#### TASK DESCRIPTION:
Dropping every picture, set down exactly the lines in the entries below, starting with the line with "地域密着を強く打ち出した不動" and going on through the line with "A black Opel".

#### INFORMATION GIVEN:
-- Opening Marker --

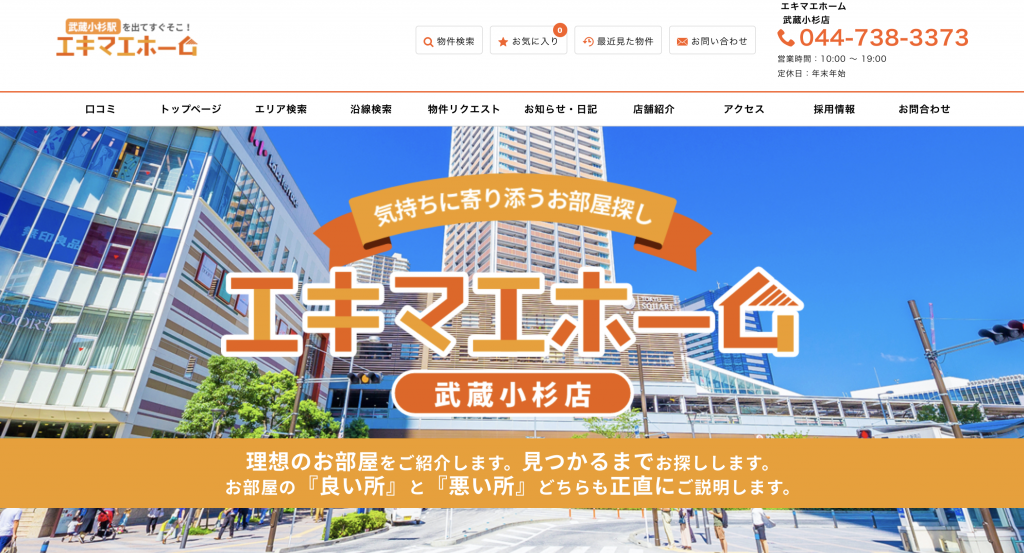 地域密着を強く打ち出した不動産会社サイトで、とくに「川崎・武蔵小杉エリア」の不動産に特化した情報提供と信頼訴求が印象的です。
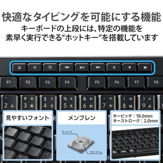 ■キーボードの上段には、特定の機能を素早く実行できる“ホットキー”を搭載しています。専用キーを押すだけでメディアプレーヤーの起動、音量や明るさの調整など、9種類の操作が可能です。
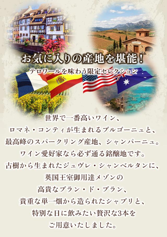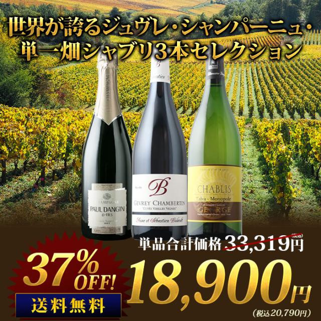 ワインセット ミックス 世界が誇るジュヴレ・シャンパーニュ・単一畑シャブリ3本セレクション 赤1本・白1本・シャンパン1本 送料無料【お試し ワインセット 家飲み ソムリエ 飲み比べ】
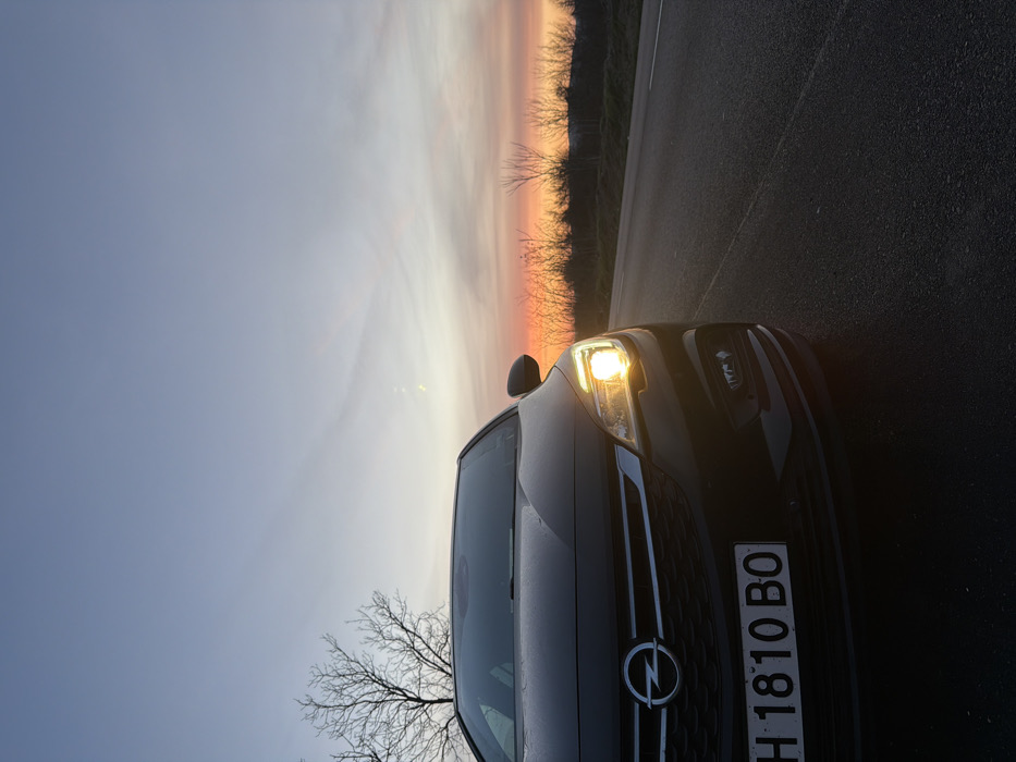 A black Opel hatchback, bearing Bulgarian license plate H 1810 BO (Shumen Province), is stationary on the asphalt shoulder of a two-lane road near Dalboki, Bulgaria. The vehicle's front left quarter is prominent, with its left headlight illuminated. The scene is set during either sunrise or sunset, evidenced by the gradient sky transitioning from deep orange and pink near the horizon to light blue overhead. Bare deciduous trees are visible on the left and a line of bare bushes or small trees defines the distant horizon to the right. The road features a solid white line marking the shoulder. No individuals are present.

-- Closing Marker --
-- Opening Marker --

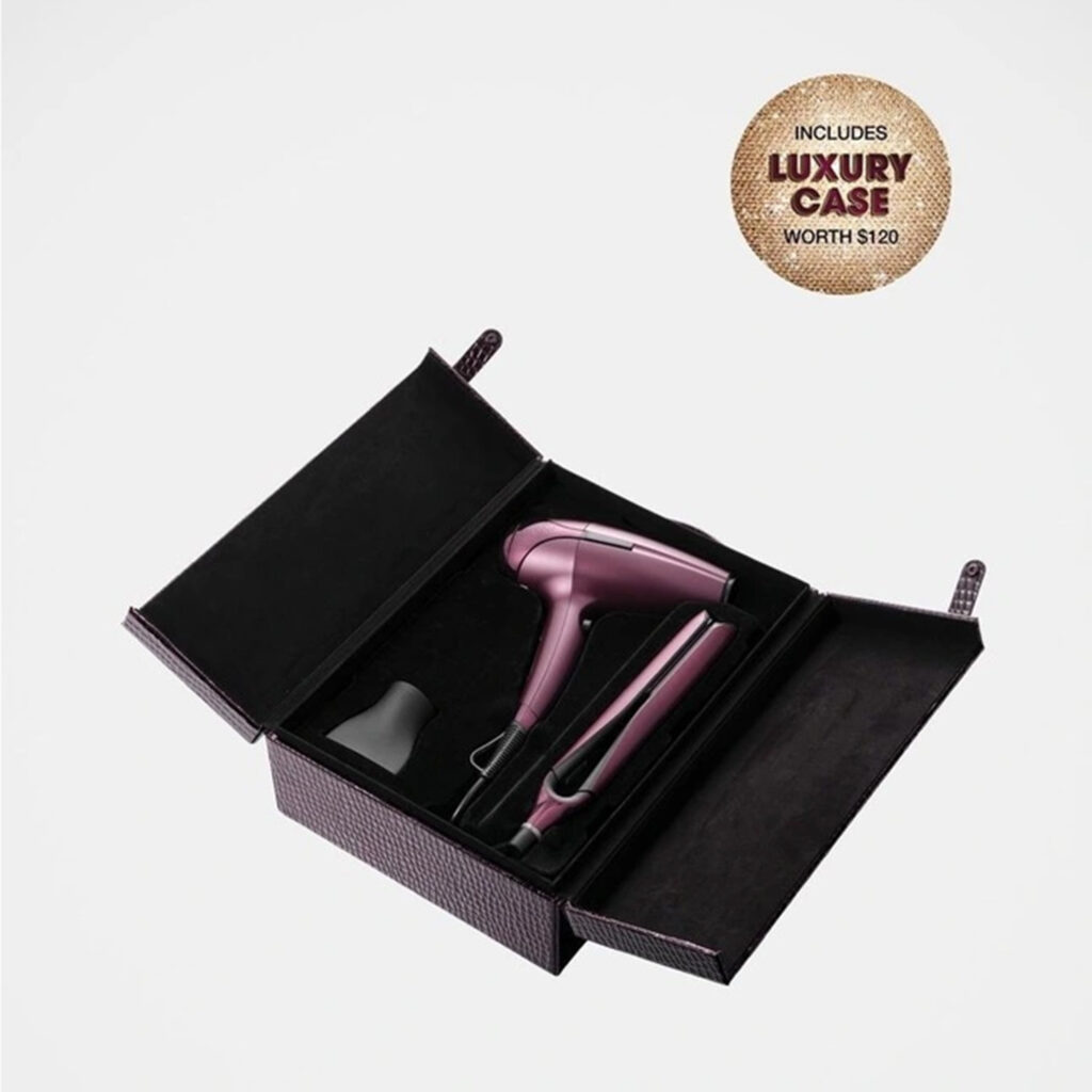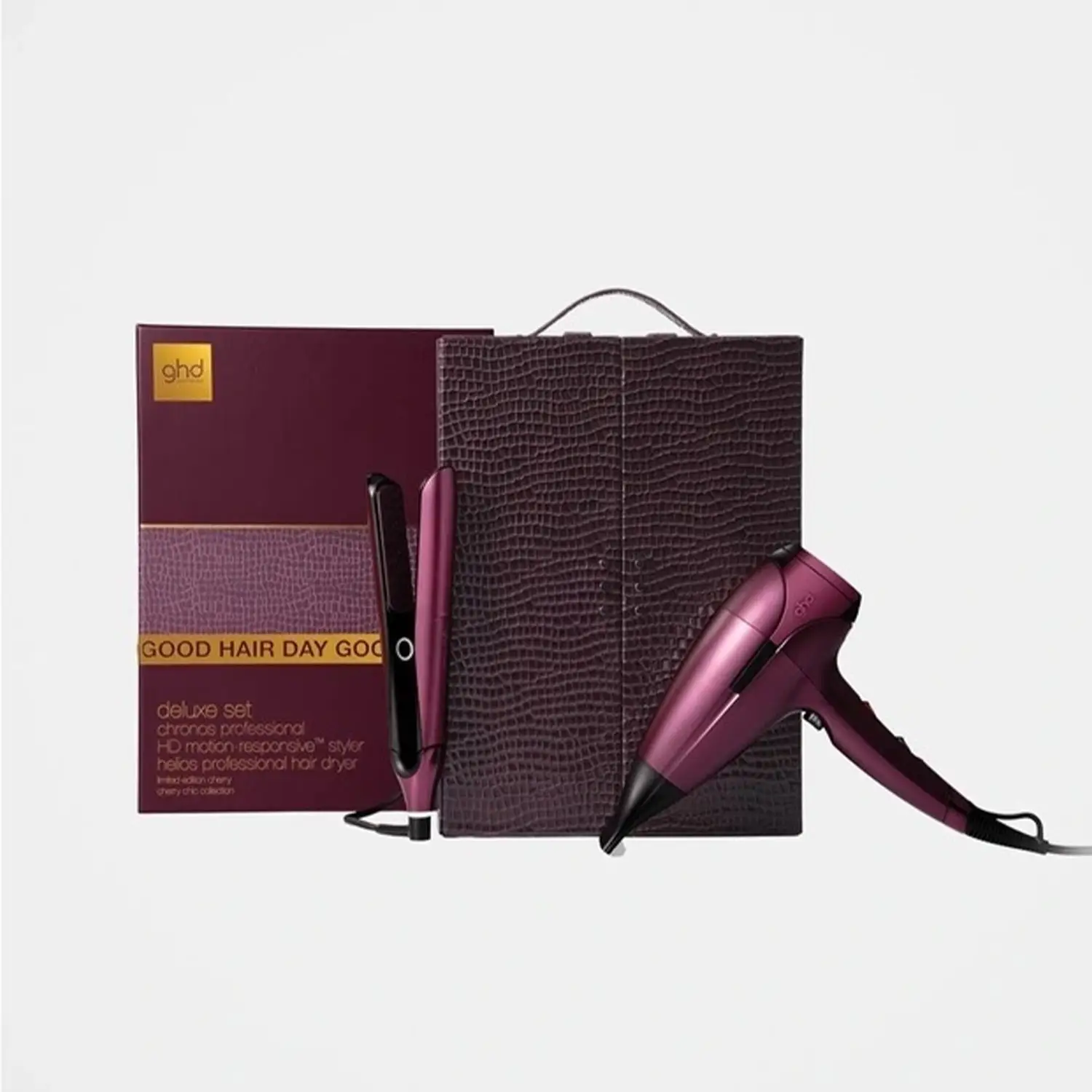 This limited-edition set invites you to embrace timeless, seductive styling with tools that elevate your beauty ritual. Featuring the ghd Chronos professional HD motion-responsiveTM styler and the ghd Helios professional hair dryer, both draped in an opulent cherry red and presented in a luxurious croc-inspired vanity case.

-- Closing Marker --

#### RESPONSE AREA:
 地域密着を強く打ち出した不動産会社サイトで、とくに「川崎・武蔵小杉エリア」の不動産に特化した情報提供と信頼訴求が印象的です。
 ■キーボードの上段には、特定の機能を素早く実行できる“ホットキー”を搭載しています。専用キーを押すだけでメディアプレーヤーの起動、音量や明るさの調整など、9種類の操作が可能です。
 ワインセット ミックス 世界が誇るジュヴレ・シャンパーニュ・単一畑シャブリ3本セレクション 赤1本・白1本・シャンパン1本 送料無料【お試し ワインセット 家飲み ソムリエ 飲み比べ】
 A black Opel hatchback, bearing Bulgarian license plate H 1810 BO (Shumen Province), is stationary on the asphalt shoulder of a two-lane road near Dalboki, Bulgaria. The vehicle's front left quarter is prominent, with its left headlight illuminated. The scene is set during either sunrise or sunset, evidenced by the gradient sky transitioning from deep orange and pink near the horizon to light blue overhead. Bare deciduous trees are visible on the left and a line of bare bushes or small trees defines the distant horizon to the right. The road features a solid white line marking the shoulder. No individuals are present.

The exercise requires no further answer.